🤖 AI Summary
Existing mixed reality (MR) collaborative research relies on external devices or unimodal data, limiting real-time, deployable interaction awareness. This work proposes the first real-time, multimodal group interaction perception system leveraging only onboard MR headset sensors—speech, eye gaze, and spatial pose—eliminating the need for external cameras or offline annotation. By integrating temporal modeling with dynamic network analysis, the system automatically infers both static structural properties and transient behavioral patterns during collaboration, uncovering the coupling between behavioral dynamics and interaction network evolution. Evaluated with 48 participants organized into 12 four-person teams, the system accurately captures fine-grained collaborative transitions, demonstrating high effectiveness and practicality.
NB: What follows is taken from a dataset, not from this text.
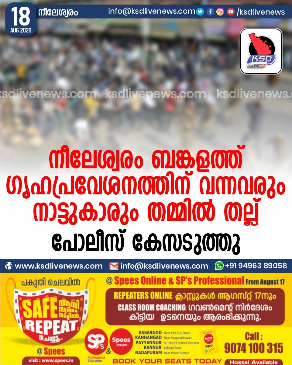 കേരളം നീലേശ്വരം ബങ്കളത്ത് ഗൃഹപ്രവേശനത്തിന് വന്നവരും നാട്ടുകാരും തമ്മിൽ തല്ല് പോലീസ് കേസടുത്തു.August 18, 2020
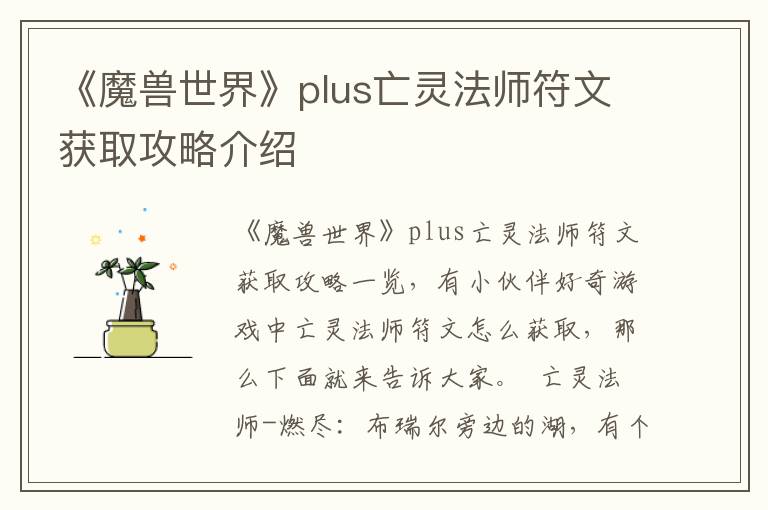 - 《魔兽世界》plus亡灵法师符文获取攻略介绍

This work establishes a scalable, lightweight sensing foundation for real-time collaborative support in MR environments.
📝 Abstract
Understanding how teams coordinate, share work, and negotiate roles in immersive environments is critical for designing effective mixed-reality (MR) applications that support real-time collaboration. However, existing methods either rely on external cameras and offline annotation or focus narrowly on single modalities, limiting their validity and applicability. To address this, we present a novel group interaction sensing toolkit (GIST), a deployable system that passively captures multi-modal interaction data, such as speech, gaze, and spatial proximity from commodity MR headset's sensors and automatically derives both overall static interaction networks and dynamic moment-by-moment behavior patterns. We evaluate GIST with a human subject study with 48 participants across 12 four-person groups performing an open-ended image-sorting task in MR. Our analysis shows strong alignment between the identified behavior modes and shifts in interaction network structure, confirming that momentary changes in speech, gaze, and proximity data are observable through the sensor data.